JonahS comments on Tiling Agents for Self-Modifying AI (OPFAI #2)

JonahS 7 Jun 2013 0:26 UTC
3 points
0
To have any operationalization of how some specific model of self-modification provably maintains some invariant would be a large step forward, the existence of other models of self-modification nonwithstanding. Safety cannot be proven for all approaches, because not all approaches are safe.

My claim is that there are sufficiently many possible models for AI that given what we (the Less Wrong community, not necessarily AI researchers) know now, the probability of a given model being developed is tiny.

The actionable safety issues that would come up if the AI is like the Chinese economy would be very different from the actionable safety issues that would come up if the AI is like a self-improving chess playing program, which would be very different from the actionable safety issues that would come up if the AI is of the type that Eliezer’s publication describes.

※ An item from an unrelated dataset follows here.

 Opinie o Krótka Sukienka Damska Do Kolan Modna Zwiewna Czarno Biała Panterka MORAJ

Given the paucity of information available about the design of the first AI, I don’t think that the probability of doing safety research on a particular model being actionable is sufficiently high for such research to be warranted (relative to other available activities).

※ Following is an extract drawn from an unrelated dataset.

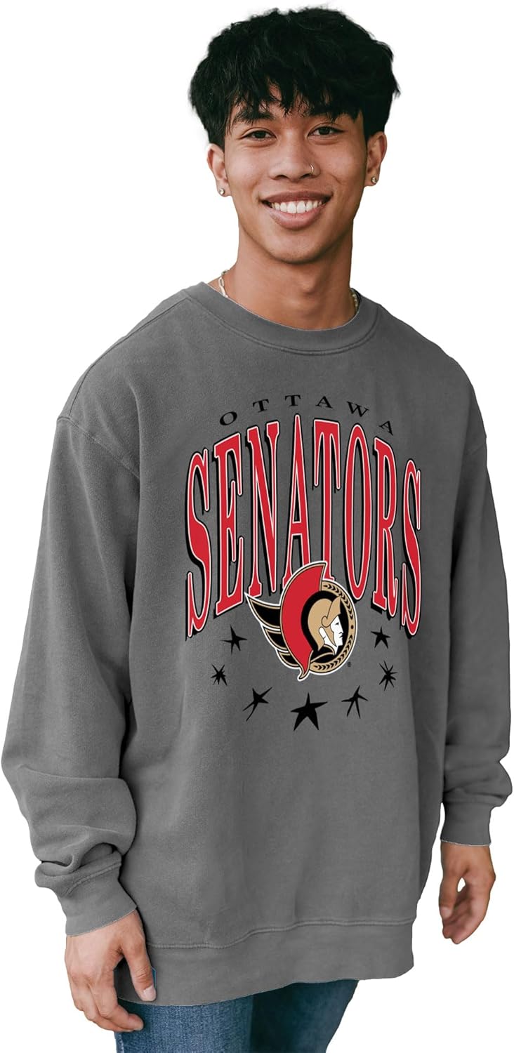 Proudly display your team pride with this NHL dyed ringspun sweatshirt. It's durability will ensure a long lifetime of cheering on your favorite team. The high-quality graphics make for an extraordinary looking crewneck sweatshirt

Even if that were so, that’s not MIRI’s (or EY’s) most salient comparative advantage (also: CFAR).
1. Eliezer made a major contribution to increasing rationality with his How To Actually Change Your Mind sequence, which improved the rationality of many people who I know, including myself.
2. MIRI could engage in other AI safety activities, such as improving future forecasting.
3. If an organization doesn’t have a cost-effective activity to engage in, and the employees recognize this, then they can leave and do something else. Here I’m not claiming that this is in fact the case of MIRI, rather, I’m just responding to your argument.
4. MIRI’s staff could migrate to CFAR.
5. Out of all of the high impact activities that MIRI staff could do, it’s not clear to me that Friendly AI research is their comparative advantage.
What links here?
- homunq 23 Jun 2013 2:35 UTC
  0 points
  0
  Parent
  Also, even if we accept that MIRI’s comparative advantage has to do with having a clearer view of the Friendliness vs. UnFriendliness distinction, why wouldn’t it be more effective for them to try to insure against an UnFriendly outcome by addressing the UnFriendliness already in the world today? For instance, corporate governance. Corporations’ optimization powers are a tremendous source of human happiness, but their UnFriendly tendencies are clear. For now, corporations have only parasitic intelligence, and don’t look particularly foomy, but if I had to bet on whether MIRI or Google/TenCent/Palantir/whatever was more likely to foom, there would be no contest.
  
  [There are a bunch of assumptions embedded there. The principal ones are:
  1. If a corporation, as currently constituted, somehow went foom it would be likely to be UnFriendly
  2. If we were able to make it so corporations appeared more Friendly in their day-to-day actions, they would also become less likely to rush headlong into an UnFriendly foom.
  I think 1 is pretty undeniable, but I could understand it if someone disagreed with 2.]